■ Work instruction ■
Take the line containing "4月29日上午,校长姚郁、副" and each line after it through the end of the data below, and return them exactly, minus any pictures.

Dataset excerpts:
BEGIN
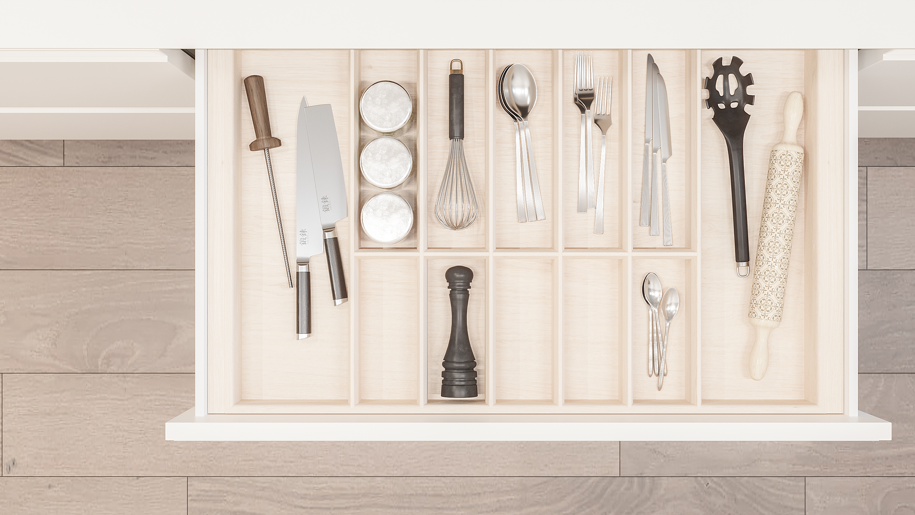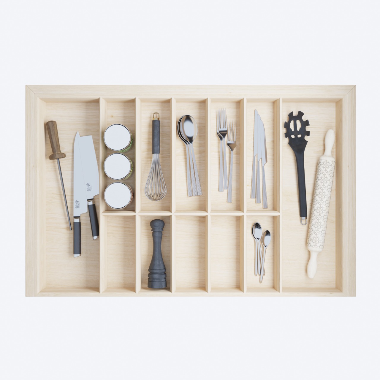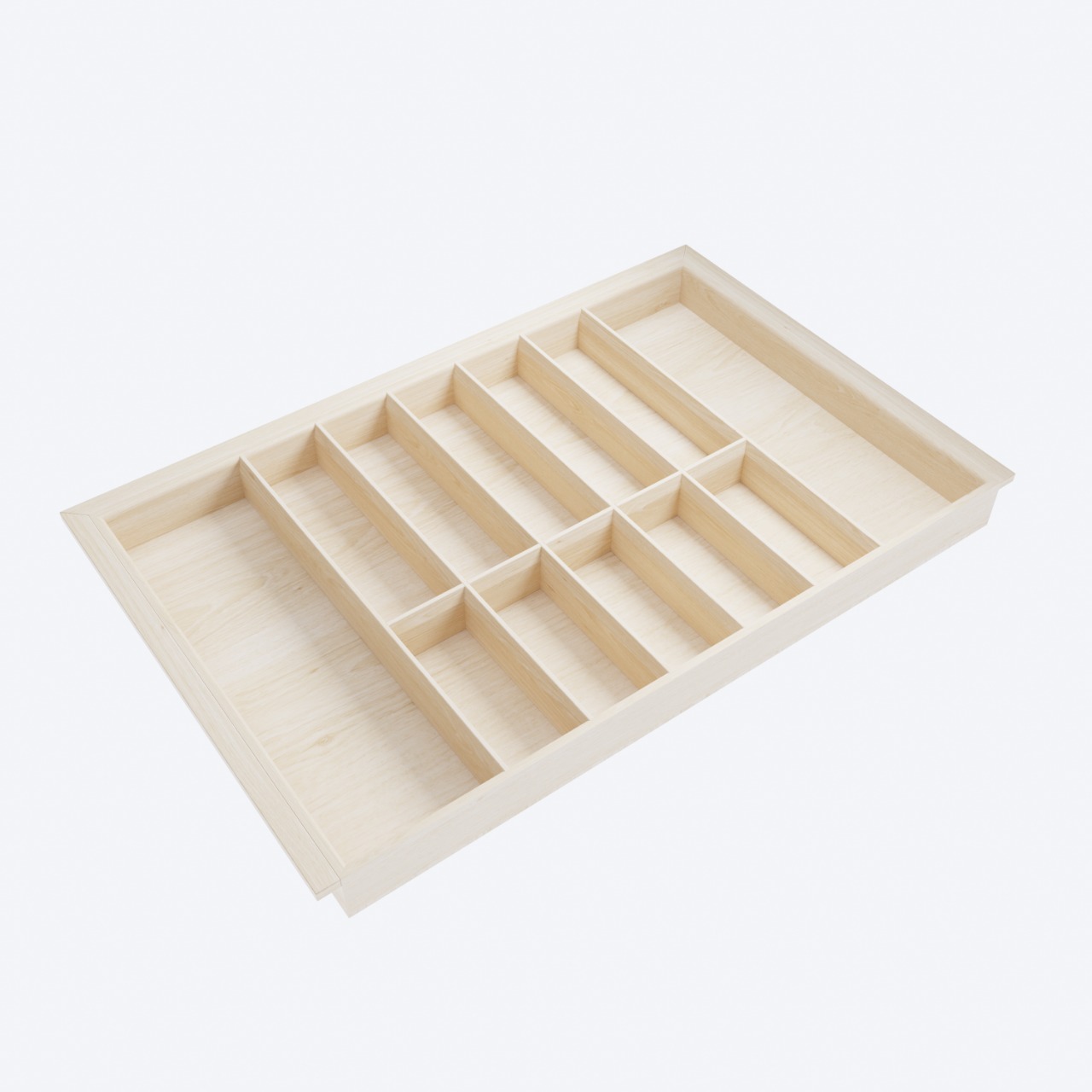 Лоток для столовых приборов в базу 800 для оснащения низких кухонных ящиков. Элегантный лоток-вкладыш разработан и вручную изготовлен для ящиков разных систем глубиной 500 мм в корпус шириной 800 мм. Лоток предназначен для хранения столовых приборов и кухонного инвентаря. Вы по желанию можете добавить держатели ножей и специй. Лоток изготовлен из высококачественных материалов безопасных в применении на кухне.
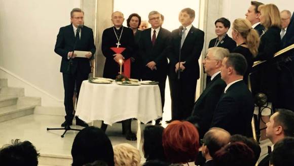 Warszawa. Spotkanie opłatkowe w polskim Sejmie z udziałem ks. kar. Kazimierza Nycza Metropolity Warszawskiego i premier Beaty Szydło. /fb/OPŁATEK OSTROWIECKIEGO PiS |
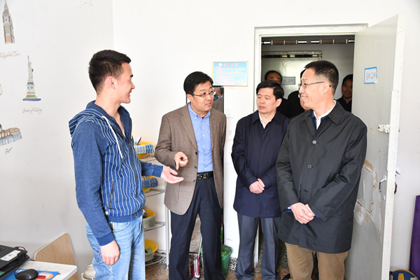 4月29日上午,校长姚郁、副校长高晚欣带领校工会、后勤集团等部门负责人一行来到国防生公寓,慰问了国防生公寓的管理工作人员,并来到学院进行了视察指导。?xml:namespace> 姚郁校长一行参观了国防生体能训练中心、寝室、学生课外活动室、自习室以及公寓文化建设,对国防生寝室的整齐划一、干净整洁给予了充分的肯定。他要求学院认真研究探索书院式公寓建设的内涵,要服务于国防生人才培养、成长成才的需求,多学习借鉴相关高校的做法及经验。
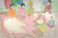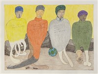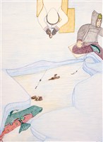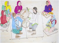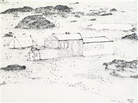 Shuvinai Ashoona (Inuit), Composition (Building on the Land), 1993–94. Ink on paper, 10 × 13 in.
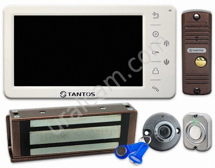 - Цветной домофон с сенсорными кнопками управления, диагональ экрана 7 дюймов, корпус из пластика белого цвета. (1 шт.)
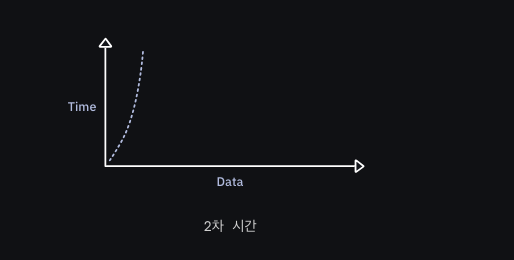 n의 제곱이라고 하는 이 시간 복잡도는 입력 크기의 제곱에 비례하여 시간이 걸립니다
END
■ Written reply ■
 4月29日上午,校长姚郁、副校长高晚欣带领校工会、后勤集团等部门负责人一行来到国防生公寓,慰问了国防生公寓的管理工作人员,并来到学院进行了视察指导。?xml:namespace> 姚郁校长一行参观了国防生体能训练中心、寝室、学生课外活动室、自习室以及公寓文化建设,对国防生寝室的整齐划一、干净整洁给予了充分的肯定。他要求学院认真研究探索书院式公寓建设的内涵,要服务于国防生人才培养、成长成才的需求,多学习借鉴相关高校的做法及经验。
 Shuvinai Ashoona (Inuit), Composition (Building on the Land), 1993–94. Ink on paper, 10 × 13 in.
 - Цветной домофон с сенсорными кнопками управления, диагональ экрана 7 дюймов, корпус из пластика белого цвета. (1 шт.)
 n의 제곱이라고 하는 이 시간 복잡도는 입력 크기의 제곱에 비례하여 시간이 걸립니다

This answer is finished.